Less than one might have expected. Clea said he’d been catastrophizing; to some extent, their eldest was correct. They had spent longer stretches in Canvases in the past—an objectively accurate statement, if lacking in nuance. They’d been younger in those halcyon days. They’d been collaborators, not enemies, choking chroma from their lover’s lungs.
Creation born of passion. Not desiccation, birthed in sweltering fear.
Granted the mercy of hindsight, Renoir could admit it had been fear; projection, too, he supposed—hypersensitivity born of his own experiences.
We are not the same, she’d snapped at him, catching his wrist as he fled her repainted manor. Their children’s—no, her creations' shocked faces stared back at him when he closed his eyes. It is not a question of losing myself—it’s only a question of time and control.

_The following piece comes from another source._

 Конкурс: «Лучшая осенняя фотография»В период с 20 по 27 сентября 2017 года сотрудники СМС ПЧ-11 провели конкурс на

You have lost objectivity. Aline, what you have done—
A crime violating every rule of their order; the laws she knew as intrinsically as the color of her hair or eyes. The Head of the Painter’s Council could afford no less. Renoir rounded on her, clutching her upper arms. He remembered the sickly thrill in feeling her skin beneath his hands again; the last time he’d held her had been—
—by Verso’s bedside, turning her face into his chest, her gasping sobs breathing into the last of their son’s agonized cries as the morphine failed to cut the pain.
We can still set this right, he’d murmured.

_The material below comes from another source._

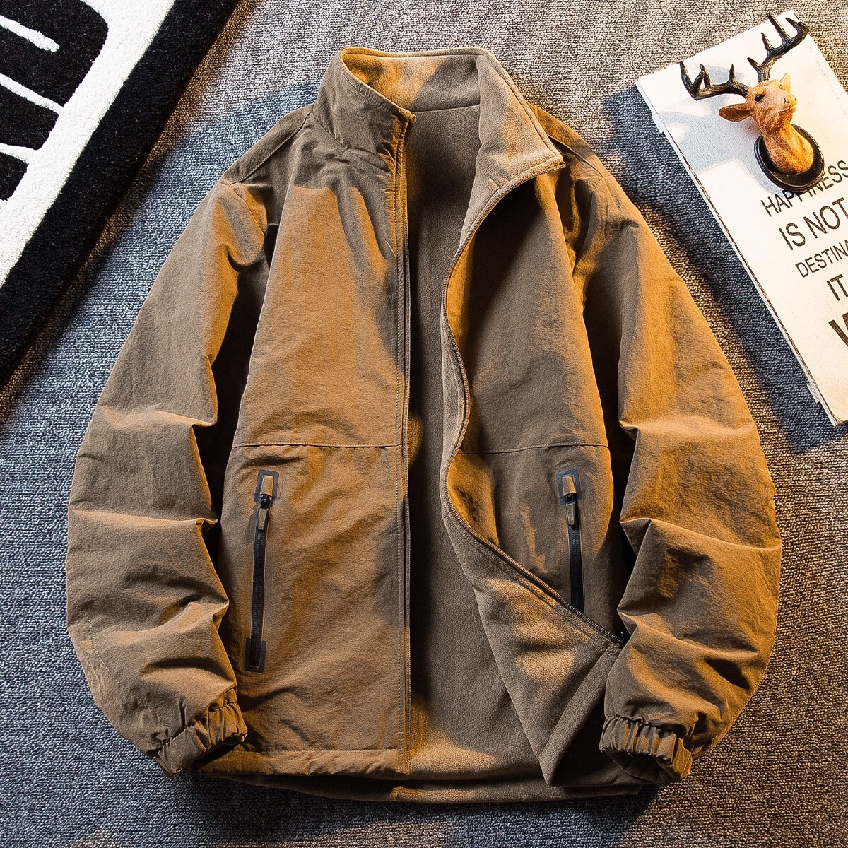 Kuraishi Kazuki's trendy brand double-sided velvet thickened jacket for men in autumn and winter new style versatile fashionable simple warm casual top black. The size is small. It is recommended to go up one size. XL. Recommend 131-145 pounds.

She’d staggered away from him, horrified. Bury three more of our children beside Verso in the garden? No.
The look on her face still haunted him as he’d stated the objective truth: Aline, they are not our children.
But she’d dug in her heels, every bit as mulish and unyielding as Renoir. And, in the end, she’d buried them anyway—four children, instead of just the one.
He wondered if the situation might have ended differently if there’d been time to discuss these things, a way to gentle Aline out of her fantasies—pretty what-ifs, ultimately pointless. They’d already carved the wounds into each other’s flesh. All that was left was the scarring. Or festering, Renoir supposed.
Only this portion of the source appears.